The Passion of our Lord according to St Luke

The reader’s theater proclamation of the Passion of our Lord according to St Luke was going well; each of the readers ably bringing forth the various parts and voices, and the narrator, a young woman with a confident public voice added gravitas to the whole thing. And then we got to the portion where Jesus is abused by the authorities and mocked and flogged by the soldiers and then dragged off to be killed. Her voice broke and she began to sob, unable to continue for some moments.

The waiting readers began to weep and so did most of the congregation. I could tell by the hankies and tissues up patting at eyes. But what was this moment about? Pious emotion overflowing for a time, feeling bad for Jesus, experiencing a bit of heartbreak over what he suffered?

I wonder if, on a deep, mostly unconscious level, we were weeping for ourselves, because so to speak, God showed up. We were caught up in the deep truth of Luke’s passion narrative. The women who witnessed his lurching steps toward crucifixion were wailing for him, and Jesus shouted to them, “Daughters of Jerusalem, do not weep for me, but weep for yourselves and your children.”

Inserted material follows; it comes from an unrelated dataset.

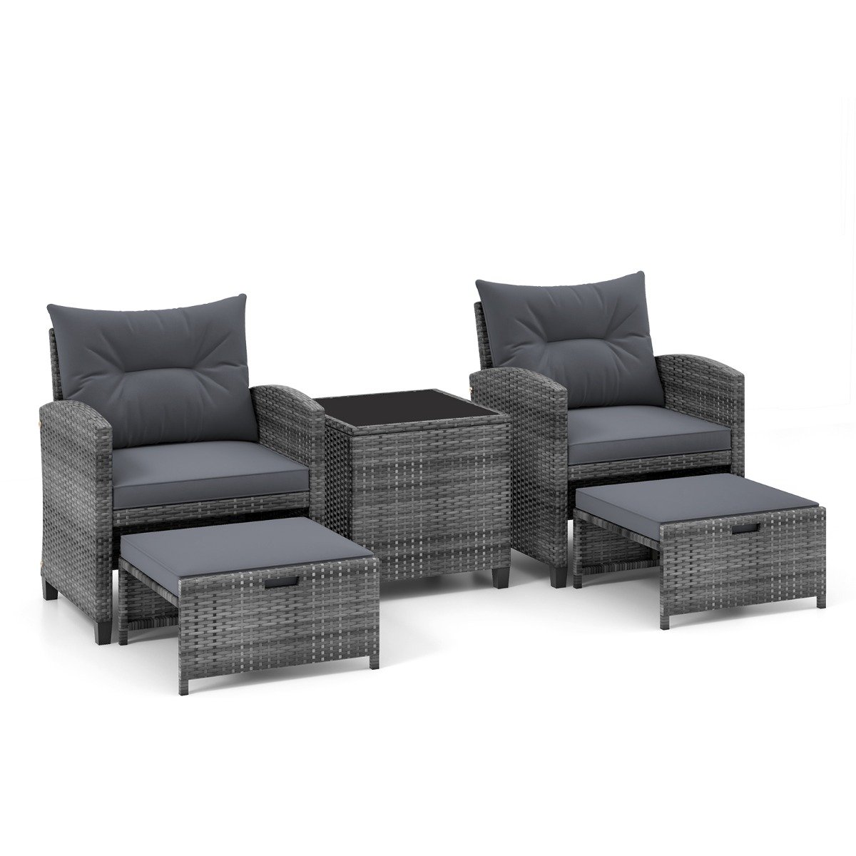 Color of Cushion: Grey Color of Rattan: Mix Grey Material: PE Rattan, Metal, Tempered Glass, Polyester, Sponge Dimension of Chair: 65 x 67 x 76 cm (L x W x H) Dimension of Ottoman: 53 x 50 x 28 cm (L x W x H) Dimension of Coffee Table: 50 x 50 x 50 cm (L x W x H) Dimension of Seat Cushion: 55 x 50 x 8 cm (L x W x Thickness) Dimension of Back Cushion: 60 x 46 x 14 cm (L x W x Thickness) Dimension of Ottoman Cushion: 54 x 48 x 7 cm (L x W x Thickness) Seat Height: 35 cm Armrest Height: 60 cm Weight Capacity of Each Chair: 180 kg Weight Capacity of Each Ottoman: 180 kg Weight Capacity of Coffee Table: 45 kg Net Weight of Each Chair: 9.5 kg Net Weight of Each Ottoman: 4 kg Net Weight of Coffee Table: 7 kg Box QTY: 1 Package Includes: 2 x Patio Chairs 2 x Ottomans 1 x Coffee Table 2 x Seat Cushions 2 x Back Cushions 2 x Ottoman Cushions 1 x Instruction

This is about more than history or Jesus’ biography. The vignette needs to be honored as a vital part of what Alexander Shaia has called the annual church retreat. The examination of conscience, both individually and corporately, will reveal our entrapment in inescapable history and cultural milieu. Especially in this year of our Fourth Path call to service, such reality is difficult to face: not only do we hurt one another, but we are in turn hurt, abused, limited, enslaved to our pasts and mocked by the present. Why wouldn’t we weep?

Every experience of suffering and crucifixion and resurrection are apocalyptic, world-ending, rebirthing moments—truth be told, God moments, times when the reality of Christ as us is all too real. During this Lenten retreat, we have permission, even a mandate, to get so honest about ourselves personally and corporately, that we become able to let go and “weep for ourselves and our children.” Tears, like baptism, welcome us into both the death and the new life of the Christ.

Even Easter includes the startling, frightening presence of Christ, who announces: “Peace be with you.” In that moment, the universe lights up like a neon sign and we see: our journey is not about us, but about God and our neighbor and what happens when both show up in our lives—for real.